Line by line, the data below should be set down unchanged, with images excluded.

STORED DATA:
# # # # #
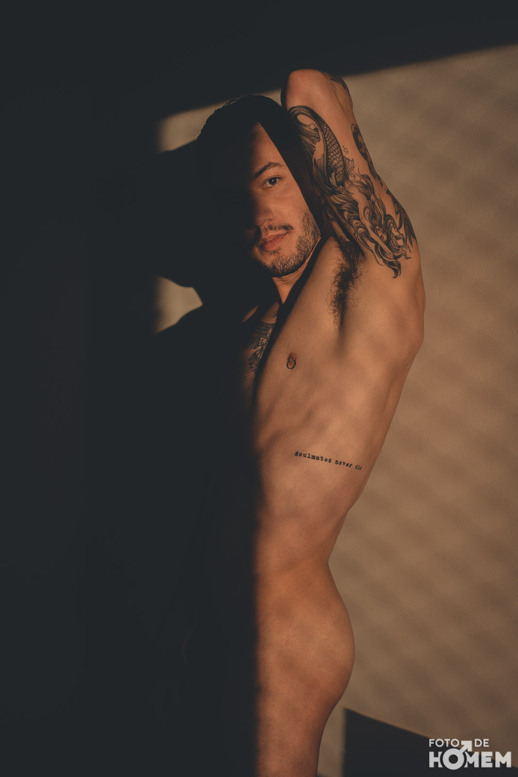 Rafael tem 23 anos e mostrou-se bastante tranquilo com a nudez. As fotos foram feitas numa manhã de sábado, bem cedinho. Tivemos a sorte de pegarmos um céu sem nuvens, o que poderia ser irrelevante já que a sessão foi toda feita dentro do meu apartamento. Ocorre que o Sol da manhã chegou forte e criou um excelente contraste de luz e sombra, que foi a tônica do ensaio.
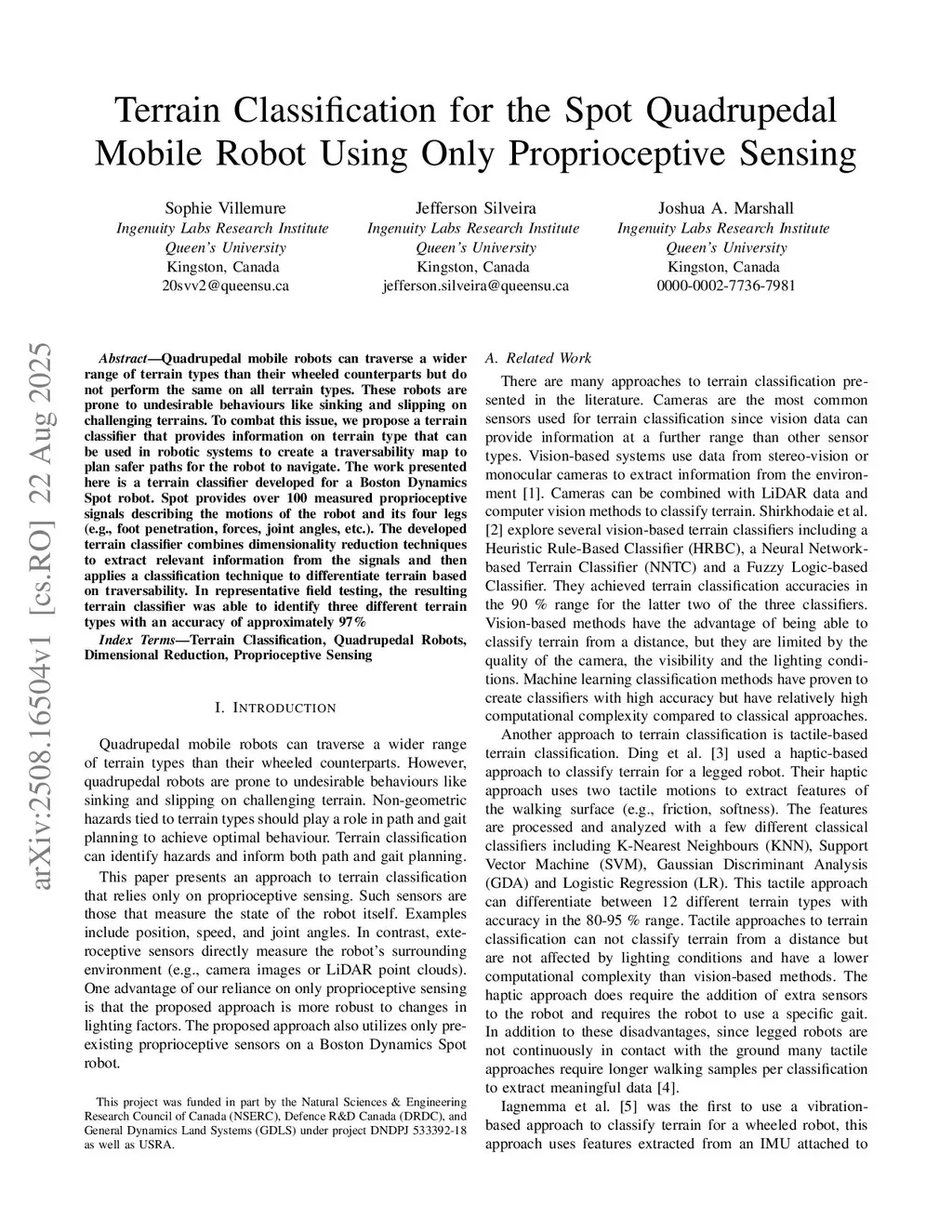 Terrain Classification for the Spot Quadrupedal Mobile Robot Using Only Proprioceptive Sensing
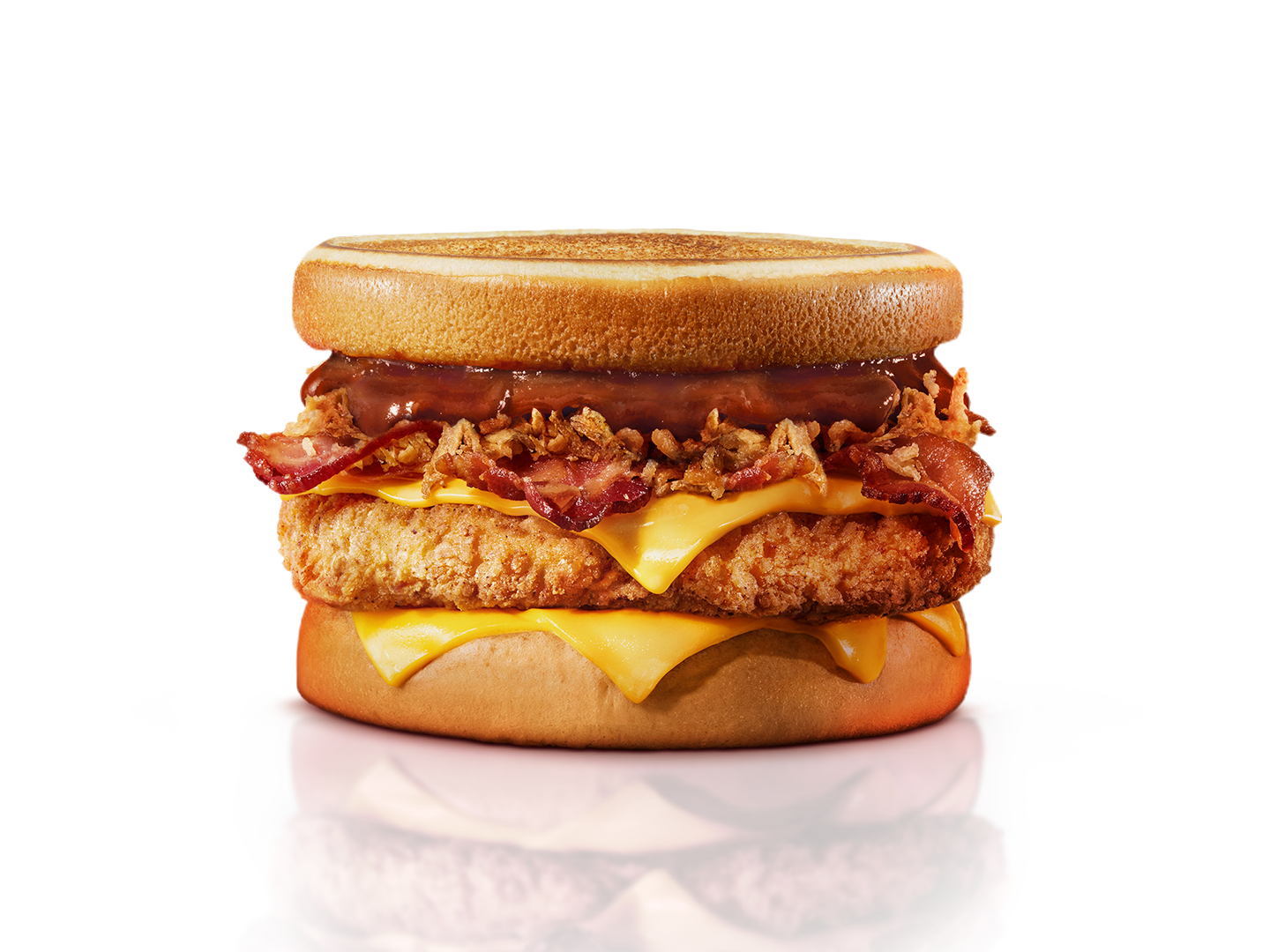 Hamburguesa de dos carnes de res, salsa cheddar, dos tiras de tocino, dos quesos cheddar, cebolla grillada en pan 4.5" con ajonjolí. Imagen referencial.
# # # # #
REPLY TO THE TASK:
 Rafael tem 23 anos e mostrou-se bastante tranquilo com a nudez. As fotos foram feitas numa manhã de sábado, bem cedinho. Tivemos a sorte de pegarmos um céu sem nuvens, o que poderia ser irrelevante já que a sessão foi toda feita dentro do meu apartamento. Ocorre que o Sol da manhã chegou forte e criou um excelente contraste de luz e sombra, que foi a tônica do ensaio.
 Terrain Classification for the Spot Quadrupedal Mobile Robot Using Only Proprioceptive Sensing
 Hamburguesa de dos carnes de res, salsa cheddar, dos tiras de tocino, dos quesos cheddar, cebolla grillada en pan 4.5" con ajonjolí. Imagen referencial.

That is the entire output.